### Data shown
==*==

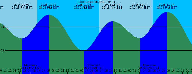 2025-11-03 06:35 AM EST Sunrise 2025-11-03 08:23 AM EST 1.28 feet High Tide 2025-11-03 02:28 PM EST 0.50 feet Low Tide 2025-11-03 04:19 PM EST Moonrise 2025-11-03 05:45 PM EST Sunset 2025-11-03 08:02 PM EST 1.50 feet High Tide 2025-11-04 03:20 AM EST -0.00 feet Low Tide 2025-11-04 05:27 AM EST Moonset 2025-11-04 06:35 AM EST Sunrise 2025-11-04 09:18 AM EST 1.23 feet High Tide 2025-11-04 03:04 PM EST 0.52 feet Low Tide 2025-11-04 04:59 PM EST Moonrise 2025-11-04 05:44 PM EST Sunset 2025-11-04 08:38 PM EST 1.62 feet High Tide 2025-11-05 04:10 AM EST -0.16 feet Low Tide 2025-11-05 06:36 AM EST Sunrise 2025-11-05 06:37 AM EST Moonset 2025-11-05 08:20 AM EST Full Moon 2025-11-05 10:11 AM EST 1.16 feet High Tide 2025-11-05 03:41 PM EST 0.52 feet Low Tide 2025-11-05 05:44 PM EST Sunset 2025-11-05 05:46 PM EST Moonrise 2025-11-05 09:17 PM EST 1.71 feet High Tide 2025-11-06 05:01 AM EST -0.24 feet Low Tide 2025-11-06 06:37 AM EST Sunrise 2025-11-06 07:49 AM EST Moonset 2025-11-06 11:02 AM EST 1.06 feet High Tide 2025-11-06 04:19 PM EST 0.52 feet Low Tide 2025-11-06 05:43 PM EST Sunset 2025-11-06 06:39 PM EST Moonrise 2025-11-06 10:01 PM EST 1.75 feet High Tide |
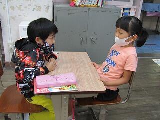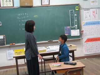 1年生は、「チェンジトーク」で、「1 昨日したこと」「2 わたしのかぞく」「3わたしのゆめ」について、話し手と聞き手に別れて会話を行う練習をしていました。
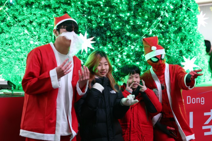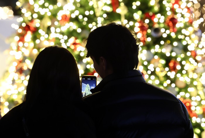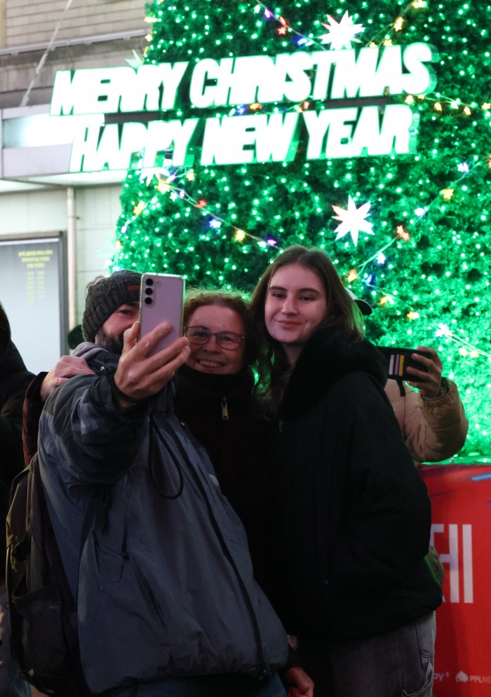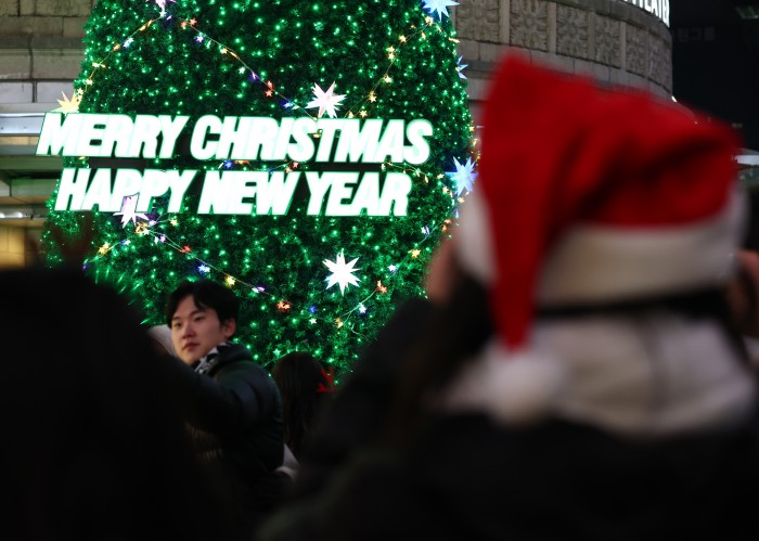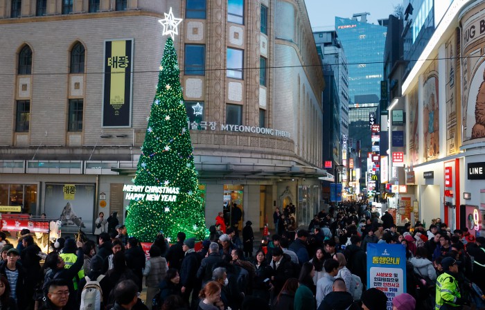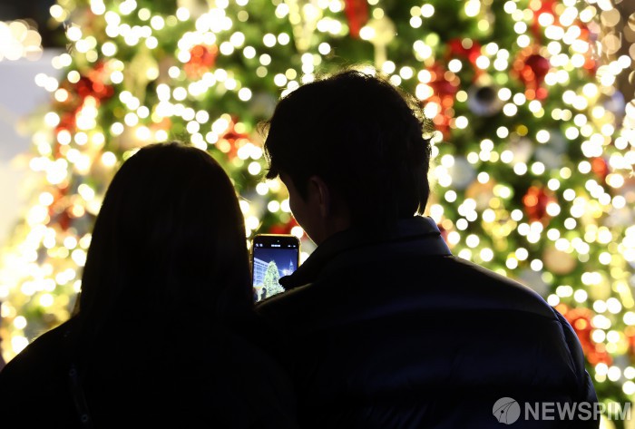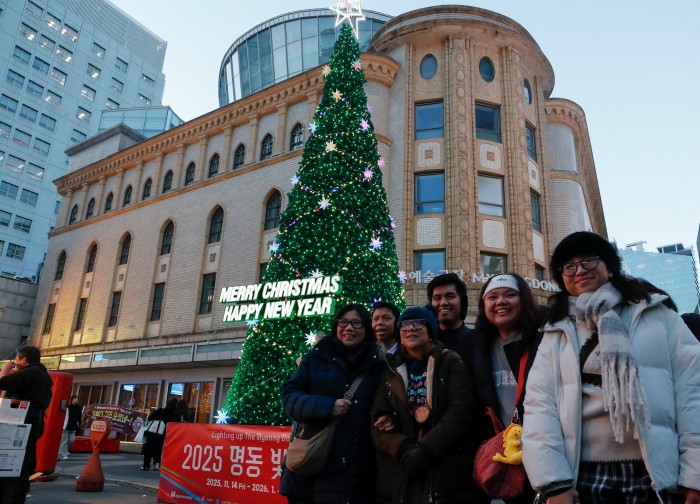 [서울=뉴스핌] 류기찬 기자 = 크리스마스 이브인 24일 오후 서울 중구 명동거리를 찾은 외국인 관광객들이 크리스마스 트리 앞에서 기념촬영을 하고 있다. 2025.12.24 ryuchan0925@newspim.com

==*==

### What the task asks
Where the data includes pictures, leave them out and write out everything else exactly.

### Solution for this exercise
 2025-11-03 06:35 AM EST Sunrise 2025-11-03 08:23 AM EST 1.28 feet High Tide 2025-11-03 02:28 PM EST 0.50 feet Low Tide 2025-11-03 04:19 PM EST Moonrise 2025-11-03 05:45 PM EST Sunset 2025-11-03 08:02 PM EST 1.50 feet High Tide 2025-11-04 03:20 AM EST -0.00 feet Low Tide 2025-11-04 05:27 AM EST Moonset 2025-11-04 06:35 AM EST Sunrise 2025-11-04 09:18 AM EST 1.23 feet High Tide 2025-11-04 03:04 PM EST 0.52 feet Low Tide 2025-11-04 04:59 PM EST Moonrise 2025-11-04 05:44 PM EST Sunset 2025-11-04 08:38 PM EST 1.62 feet High Tide 2025-11-05 04:10 AM EST -0.16 feet Low Tide 2025-11-05 06:36 AM EST Sunrise 2025-11-05 06:37 AM EST Moonset 2025-11-05 08:20 AM EST Full Moon 2025-11-05 10:11 AM EST 1.16 feet High Tide 2025-11-05 03:41 PM EST 0.52 feet Low Tide 2025-11-05 05:44 PM EST Sunset 2025-11-05 05:46 PM EST Moonrise 2025-11-05 09:17 PM EST 1.71 feet High Tide 2025-11-06 05:01 AM EST -0.24 feet Low Tide 2025-11-06 06:37 AM EST Sunrise 2025-11-06 07:49 AM EST Moonset 2025-11-06 11:02 AM EST 1.06 feet High Tide 2025-11-06 04:19 PM EST 0.52 feet Low Tide 2025-11-06 05:43 PM EST Sunset 2025-11-06 06:39 PM EST Moonrise 2025-11-06 10:01 PM EST 1.75 feet High Tide |
 1年生は、「チェンジトーク」で、「1 昨日したこと」「2 わたしのかぞく」「3わたしのゆめ」について、話し手と聞き手に別れて会話を行う練習をしていました。
 [서울=뉴스핌] 류기찬 기자 = 크리스마스 이브인 24일 오후 서울 중구 명동거리를 찾은 외국인 관광객들이 크리스마스 트리 앞에서 기념촬영을 하고 있다. 2025.12.24 ryuchan0925@newspim.com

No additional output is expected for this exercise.